Diabetic ulcerations occur as a result of various factors. Such factors include mechanical changes in conformation of the bony architecture of the foot or the combination of any of the ulcers mentioned previously. Nonenzymatic glycosylation predisposes ligaments to stiffness. Neuropathy causes loss of protective sensation and loss of coordination of muscle groups in the foot and leg, both of which increase mechanical stresses during ambulation.

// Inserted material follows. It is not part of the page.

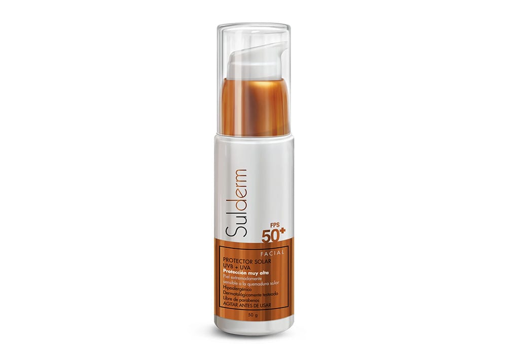 El Protector Solar Facial Sulderm FPS 50+ sin color brinda muy alta protección diaria contra rayos UVA/UVB para todo tipo de piel. Previene el envejecimiento prematuro (arrugas y manchas solares) formando una pantalla invisible de amplio espectro. Su textura es ligera, de rápida absorción y acabado mate de toque seco, por lo que no deja brillo ni sensación pesada. Es no comedogénico y se siente cómodo incluso en pieles mixtas o grasas. Ideal para uso urbano diario, se aplica tras la hidratante para proteger la piel del sol manteniéndola saludable y uniforme.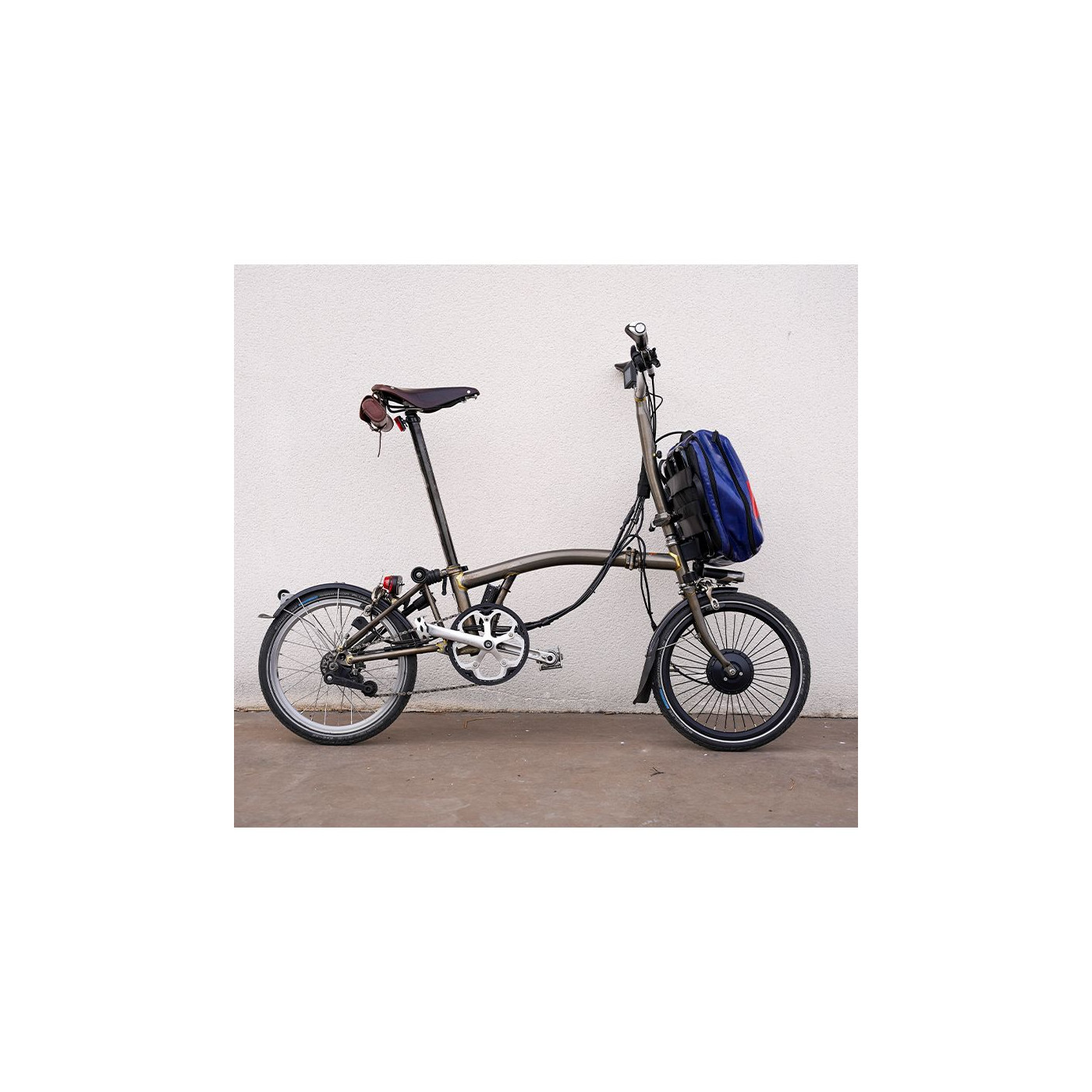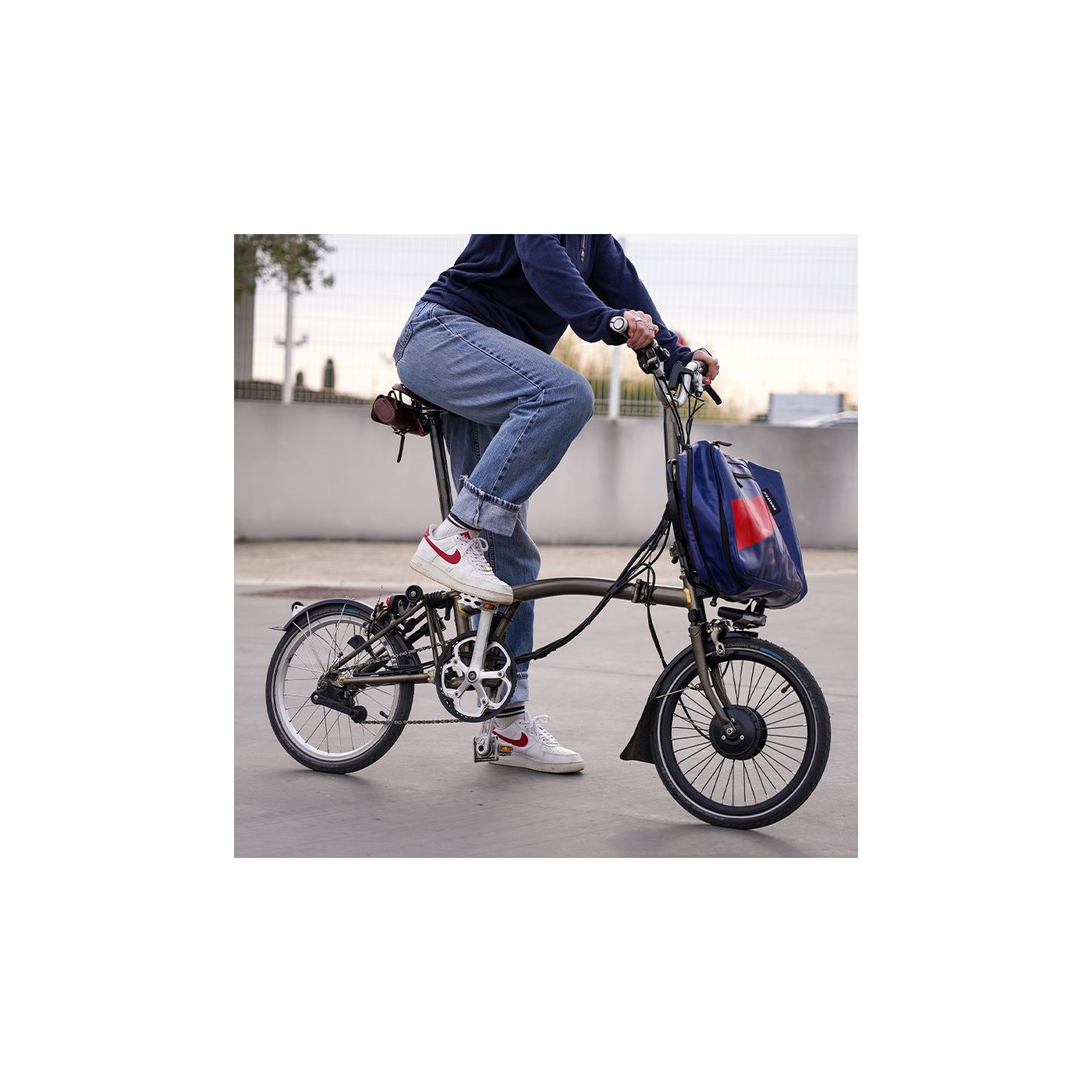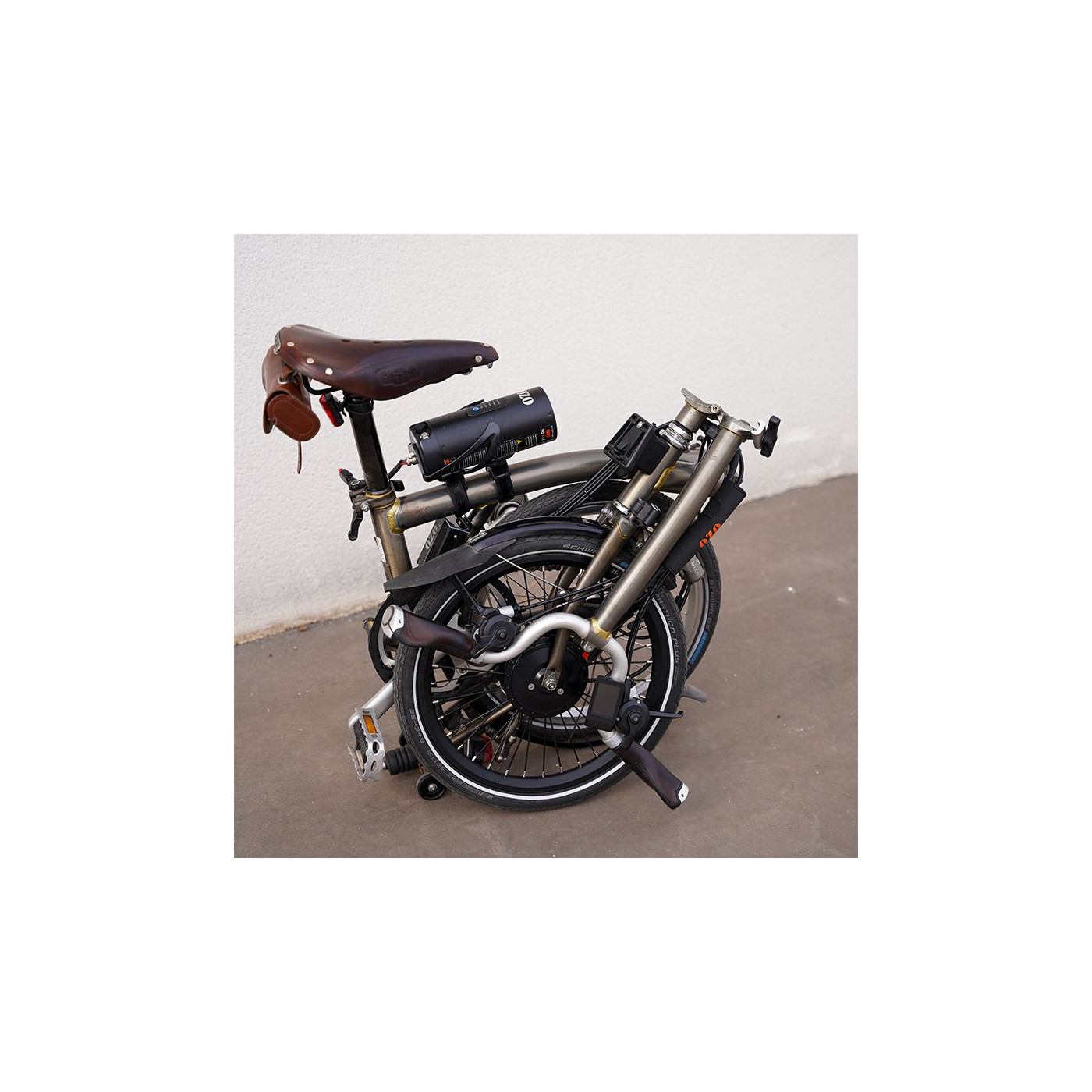 Découvrez notre kit d'assistance électrique OZO, conçu spécifiquement pour les Brompton. Avec son moteur entièrement noir ultraléger de 2,1 kg, il offre une assistance sans compromettre le pliage, la conduite et le design emblématique de votre Brompton.

Surgical therapy is an integral part of the treatment of nonhealing wounds. Wounds with necrosis or infection usually require debridement or incision of the affected tissue. The goal is to achieve a clean, granulating bed upon which a split-thickness skin graft (STSG) may be placed for closure. In other circumstances, the wound bed may be unable to support a skin graft or debridement or disease may have resulted in the exposure of a structure such as a joint or bone. Under these conditions, local or free flaps of tissue may be used to provide coverage of the wound. These flaps may be performed in concert with or independent of arterial revascularization or venous repair procedures. Revascularization often causes even moderately sized ulcers to heal primarily.



Surgical therapy of vascular ulcers may be accomplished by a number of methods; tailor the choice to fit both the patient's and surgeon's expectations. Primary coverage and/or revascularization may be most appropriate in one patient and amputation with rehabilitation most suitable in another. Evaluate contraindications to treating an ulcer with either an STSG or pedicled or free flap based on the likelihood of survival of the coverage tissue versus the risks of undergoing the procedure, each of which is associated with varying degrees of morbidity.

Factors to consider when evaluating an ulcer to determine the likelihood of successful coverage include existing infection or the likelihood of developing infection at the surgical site; the perfusion of the surgical site; the condition of the surrounding tissue, such as edema or ischemia; the rehabilitation potential of the patient; any existing comorbid conditions; or habits of the patient that preclude survival of the graft or flap.